Among the horses that show clinical signs of disease, the fatality rate is less than 40%, however some horses that do survive demonstrate long-term neurological impairment.

How are horses with West Nile Virus treated?

Since the level of virus present in the blood of infected horses is low and only occurs for a short period of time, and because there is no evidence that the virus can be transmitted from horse to horse, affected horses are not quarantined.  There is no specific treatment for the virus.  Supportive therapies such as intravenous fluids and good nursing care are used to address the effects of the virus and prevent secondary infections.

How common is the virus?

Interactions between the virus and its mosquito host result in regional changes in the prevalence and virulence of the virus from year to year.  This means that we cannot predict future trends in the local activity of the virus, and therefore cannot predict if clinical West Nile infections will be common in horses in any given year.  Weather conditions can play a large role in the yearly and local prevalence of West Nile Virus, by influencing the prevalence of the mosquito that transmits the virus, Culex tarsalis.

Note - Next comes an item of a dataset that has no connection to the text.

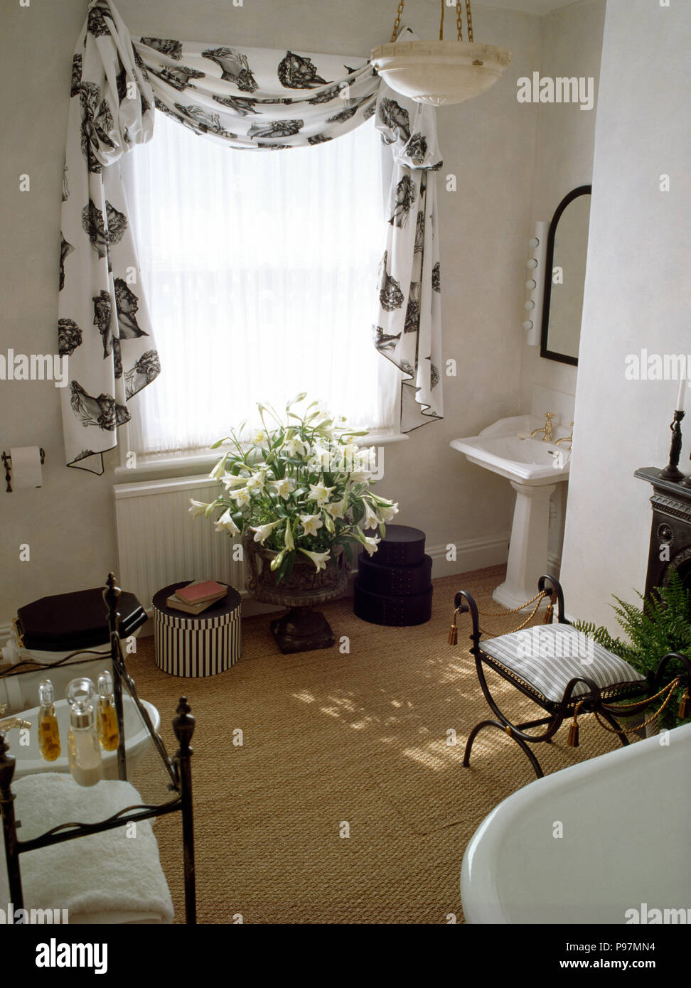 Black White Draped Fabric On Window In Eighties Bathroom With
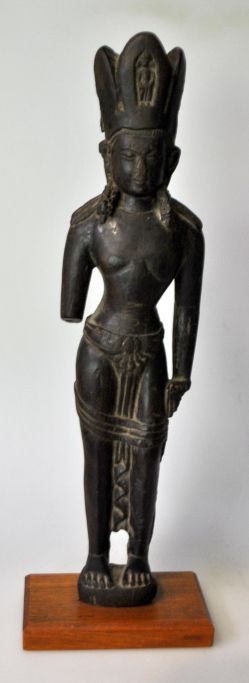 Antike indische Holzfigur eines stehenden Mannes, 18./19. auf dem neueren Sockel aus Mahagoni.

In 2003, as mentioned above, Alberta experienced 170 confirmed cases of West Nile Virus in horses.  The next few years showed much fewer cases, with between 3 and 9 cases in each year from 2004-2006.  In 2007, however, conditions were right for a higher level of infection, and 46 equine cases were detected in Alberta that year alone.  From 2008-2011, again the virus was “quiet” and there was only 1 reported case.  The prevalence increased again in 2012-2014, with 5 cases in 2012, 14 cases in 2013, and 6 confirmed cases (and one suspect case) in 2014.  We therefore have had 25 cases confirmed in horses in Alberta in the past three years, and this number represents confirmed cases—horses where suspicion of disease is high enough to merit testing for the disease.  As the majority of cases show no clinical symptoms, the number of horses actually infected by the virus is much higher.

What strategies other than vaccination can be used to lessen my horse’s risk of West Nile Virus?

Because the mosquito Culex tarsalis is crucial to the transmission of the virus, any strategy aimed at reducing a horse’s exposure to mosquitos can lessen the risk of disease.  Eliminating sources of standing water can decrease breeding sites for the mosquito. Avoiding outdoor activities and turnout at dawn and dusk, peak times for mosquito feeding, or providing screened housing can reduce exposure.  Smudges may be useful, and topical insect repellents give some protection, albeit usually for very short amounts of time.

What about natural exposure to the virus?

Natural exposure and therefore natural immunity to the virus is difficult to investigate.  Most horses bitten by a West Nile infected mosquito do not develop clinical disease, and could develop a natural immunity to the disease that could help protect them in future years.  However, certainly clinical cases of West Nile Virus are much less common in well-vaccinated horses. 

So should I continue to vaccinate my horse against West Nile?

The continued detection of West Nile cases in horses indicates that horses in Alberta are still at risk for West Nile disease.  Mosquito control methods can lessen exposure to the virus, but it is difficult to eliminate the risk altogether and the amount of West Nile virus transmission to horses can depend on many factors influencing mosquito and bird interactions.  Clinical signs of West Nile in horses can be devastating, and there is no cure.  The vaccines against West Nile offer good protection, and therefore we still recommend vaccination against the virus.